The move to Sandy Springs is the third in six years for the program, owned by the Anne Frank House in the Netherlands and run by the Georgia Commission on the Holocaust.
But the exhibit will be the first tourist attraction in Sandy Springs, a 4-year-old city with a large Jewish population. Officials there hope to make it a permanent fixture in its home in a former office space at the Parkside Shopping Center on Roswell Drive.
“I personally am very committed to the idea of keeping alive the history of the Holocaust so it can never happen again and keeping this tremendous attraction in our community,” said Mayor Eva Galambos, whose husband, John, is a Holocaust survivor.
The lease requires the city make a $50,000 annual payment to the Holocaust Commission. Doing so keeps the exhibit free.
Boosters in Sandy Springs wanted to raise at least $100,000 a year to renovate its new home and ensure the program would stay.
So far, city leaders, residents and businesses have donated $130,000 to help pay for three part-time coordinators as well as basics such as utilities.
“We’d like to build up the money for programming and events,” said City Councilwoman Dianne Fries, who has worked on the fund-raising.
Last week, two school groups visited the museum.
The exhibit tells the story of Anne Frank, from her days of freedom in the 1930s to hiding with her family in Amsterdam to her 1945 death in the Bergen-Belsen concentration camp.

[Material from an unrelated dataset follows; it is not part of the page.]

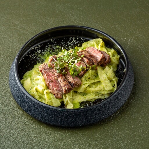 паста фетучини, телячья вырезка, сливочный соус, сыр пармезан, микрозелень, фирменное греческое масло
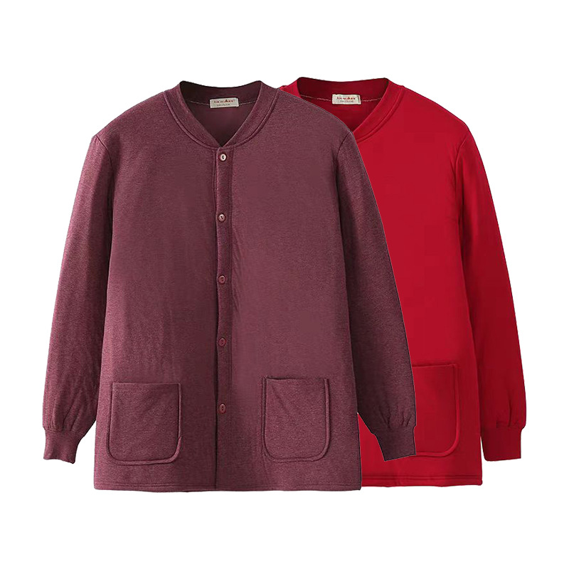 中老人女士保暖内衣套装夹棉加厚纯棉大码对襟开衫老人棉衣

The exhibit, considered the largest of its kind in the country, also includes a 28-minute film featuring the only known footage of the girl, leaning over a balcony to watch a wedding.
Exhibit preview
“Anne Frank in the World”
10 a.m. to 4 p.m. Tuesdays through Thursdays; from 10 a.m. to 2 p.m. Fridays; from noon to 4 p.m. weekends; closed Mondays. Admission is free. In a second-floor suite at 5920 Roswell Road, Sandy Springs.